Activity: Pictures in the records are to be excluded from an otherwise exact copy.

Material supplied:
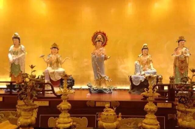 第四層為圓通寶殿。觀音菩薩的事跡在此得以呈現(xiàn), 整層按《觀音60靈簽》來供奉60尊法相莊嚴、慈悲之觀音菩薩,我們用傳統(tǒng)木雕及彩繪貼金工藝來制作,菩薩神態(tài)寧靜祥和,呈現(xiàn)出一片清凈無比,至真至善至美的觀音菩薩的凈土。
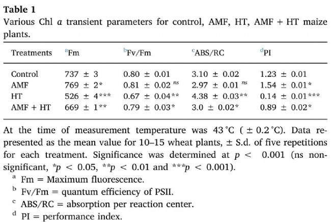 在這項研究中,在經歷高溫脅迫的植物中,O點至J點熒光減少,這表明PSII反應中心(RC)需要更多的時間來閉合,其次是次級電子的俘獲和緩慢還原。在經歷高溫的玉米植株中獲得了額外的K點,而在經歷類似條件的AMF+HT玉米植株中則沒有K點出現。K點的出現歸因于從OEC到RC的電子流有限。
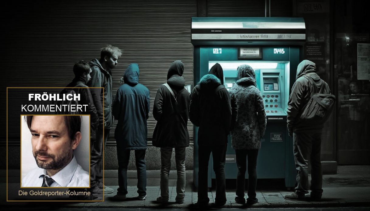 Angst vor Bankenansturm: Wenn die Kunden massenhaft ihre Konten leerräumen, ist staatliche Bankenrettung nicht weit. In einer Bankenkrise geht es vor allem um das Erhalten von Vertrauen. Dazu sind die Institutionen bereit, die Kaufkraft des Geldes weiter zu dezimieren (Bild: Goldreporter @midjourney).
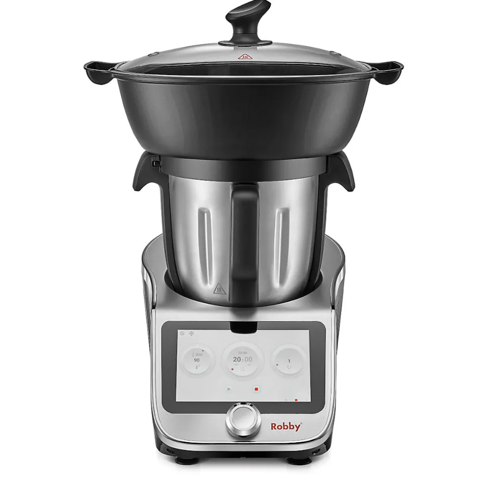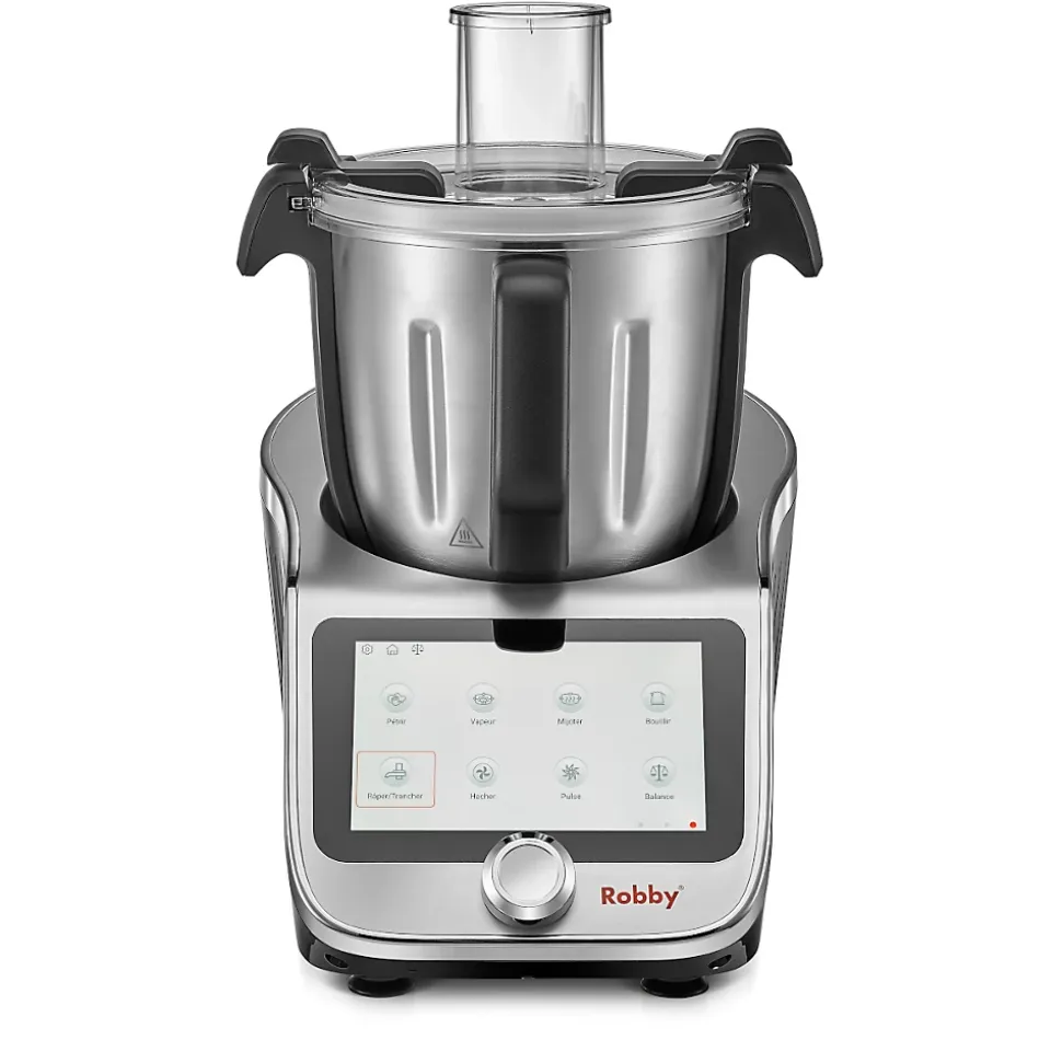 Robot cuiseur multifonctions connecté avec bol xl, balance intégrée et grand écran tactile +750 recettes Robby – Le RobiCook XL est le grand frère du Robicook, robot cuiseur multifonctions dernière génération de la gamme Robby !Conçu pour régaler toute la famille jusqu’à 8 personnes, plus de 750 recettes sont incluses : à réaliser en toute simplicité grâce à son écran tactile qui vous guide pas à pas !Une multitude d’accessoires sont inclus pour une infinité de recettes !La fonction pesée au gramme près est également incluse dans le RobiCook !Doté d’un grand écran couleur haute définition tactile et d’un bouton de navigation ergonomique, le RobiCook XL vous permettra de gérer facilement vos recettes.Vous naviguez facilement à travers toutes les recettes et fonctionnalités de l’appareil : apéritifs, entrées, soupes, plats de viande, plats de poisson, accompagnements, pâtes, riz et céréales, quiches, tartes et pizzas, sauces et dips, pains et viennoiseries, confitures et tartinades sucrées, desserts et crèmes, pâtisseries, boissons, recettes végétariennes, recettes express, recettes light…Équipé d’une véritable interface connectée, votre RobiCook XL se connecte au wifi pour bénéficier de mises à jour, ainsi que de nouvelles recettes par exemple ! Votre RobiCook XL ne cessera donc d’évoluer !Vous ne savez pas quoi cuisiner avec ce qu’il y a dans votre réfrigérateur ?Entrez le nom de l’aliment dans la barre de recherche et le RobiCook XL vous propose des recettes incluant cet aliment !Vous souhaitez retrouver facilement vos recettes préférées ?Ajoutez-les dans vos favoris afin de vous constituer votre bibliothèque de recettes personnalisées.Envie de plus de liberté ?Un mode manuel est également disponible dès l’allumage de votre appareil !Accédez rapidement aux programmes automatiquesAccès direct sur le menu de l’écran : pétrir, vapeur, mijoter, bouillir, mixer, râper/trancher et hacher…8 PROGRAMMES AUTOMATIQUESAccédez rapidement aux fonctions essentielles en
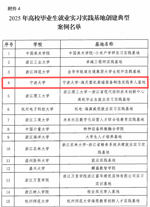 -海天塑机高端装备制造实践育人基地》获评“高校毕业生就业实习实践基地创建典型案例”(全省共51个,全校唯一)。
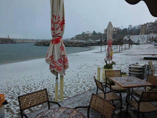 Στην Ιεράπετρα το χιόνι έφτασε μέχρι την παραλία και σύμφωνα με τους κατοίκους της περιοχής τέτοιο θέαμα είχαν να δουν εδώ και 25 χρόνια.
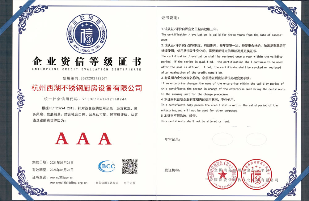 杭州西湖不銹鋼廚房設(shè)備有限公司成立20年以來(lái),通過(guò)一系列創(chuàng)造性的工作,凝聚企業(yè)力量,發(fā)揮自身優(yōu)勢(shì),助推企業(yè)發(fā)展和品牌建設(shè),取得了一些榮譽(yù),這是廣大西湖員工共同努力和各位新老客戶共同支持的結(jié)果,我們將再接再厲創(chuàng)造更多的輝煌!

Response below:
 第四層為圓通寶殿。觀音菩薩的事跡在此得以呈現(xiàn), 整層按《觀音60靈簽》來供奉60尊法相莊嚴、慈悲之觀音菩薩,我們用傳統(tǒng)木雕及彩繪貼金工藝來制作,菩薩神態(tài)寧靜祥和,呈現(xiàn)出一片清凈無比,至真至善至美的觀音菩薩的凈土。
 在這項研究中,在經歷高溫脅迫的植物中,O點至J點熒光減少,這表明PSII反應中心(RC)需要更多的時間來閉合,其次是次級電子的俘獲和緩慢還原。在經歷高溫的玉米植株中獲得了額外的K點,而在經歷類似條件的AMF+HT玉米植株中則沒有K點出現。K點的出現歸因于從OEC到RC的電子流有限。
 Angst vor Bankenansturm: Wenn die Kunden massenhaft ihre Konten leerräumen, ist staatliche Bankenrettung nicht weit. In einer Bankenkrise geht es vor allem um das Erhalten von Vertrauen. Dazu sind die Institutionen bereit, die Kaufkraft des Geldes weiter zu dezimieren (Bild: Goldreporter @midjourney).
 Robot cuiseur multifonctions connecté avec bol xl, balance intégrée et grand écran tactile +750 recettes Robby – Le RobiCook XL est le grand frère du Robicook, robot cuiseur multifonctions dernière génération de la gamme Robby !Conçu pour régaler toute la famille jusqu’à 8 personnes, plus de 750 recettes sont incluses : à réaliser en toute simplicité grâce à son écran tactile qui vous guide pas à pas !Une multitude d’accessoires sont inclus pour une infinité de recettes !La fonction pesée au gramme près est également incluse dans le RobiCook !Doté d’un grand écran couleur haute définition tactile et d’un bouton de navigation ergonomique, le RobiCook XL vous permettra de gérer facilement vos recettes.Vous naviguez facilement à travers toutes les recettes et fonctionnalités de l’appareil : apéritifs, entrées, soupes, plats de viande, plats de poisson, accompagnements, pâtes, riz et céréales, quiches, tartes et pizzas, sauces et dips, pains et viennoiseries, confitures et tartinades sucrées, desserts et crèmes, pâtisseries, boissons, recettes végétariennes, recettes express, recettes light…Équipé d’une véritable interface connectée, votre RobiCook XL se connecte au wifi pour bénéficier de mises à jour, ainsi que de nouvelles recettes par exemple ! Votre RobiCook XL ne cessera donc d’évoluer !Vous ne savez pas quoi cuisiner avec ce qu’il y a dans votre réfrigérateur ?Entrez le nom de l’aliment dans la barre de recherche et le RobiCook XL vous propose des recettes incluant cet aliment !Vous souhaitez retrouver facilement vos recettes préférées ?Ajoutez-les dans vos favoris afin de vous constituer votre bibliothèque de recettes personnalisées.Envie de plus de liberté ?Un mode manuel est également disponible dès l’allumage de votre appareil !Accédez rapidement aux programmes automatiquesAccès direct sur le menu de l’écran : pétrir, vapeur, mijoter, bouillir, mixer, râper/trancher et hacher…8 PROGRAMMES AUTOMATIQUESAccédez rapidement aux fonctions essentielles en
 -海天塑机高端装备制造实践育人基地》获评“高校毕业生就业实习实践基地创建典型案例”(全省共51个,全校唯一)。
 Στην Ιεράπετρα το χιόνι έφτασε μέχρι την παραλία και σύμφωνα με τους κατοίκους της περιοχής τέτοιο θέαμα είχαν να δουν εδώ και 25 χρόνια.
 杭州西湖不銹鋼廚房設(shè)備有限公司成立20年以來(lái),通過(guò)一系列創(chuàng)造性的工作,凝聚企業(yè)力量,發(fā)揮自身優(yōu)勢(shì),助推企業(yè)發(fā)展和品牌建設(shè),取得了一些榮譽(yù),這是廣大西湖員工共同努力和各位新老客戶共同支持的結(jié)果,我們將再接再厲創(chuàng)造更多的輝煌!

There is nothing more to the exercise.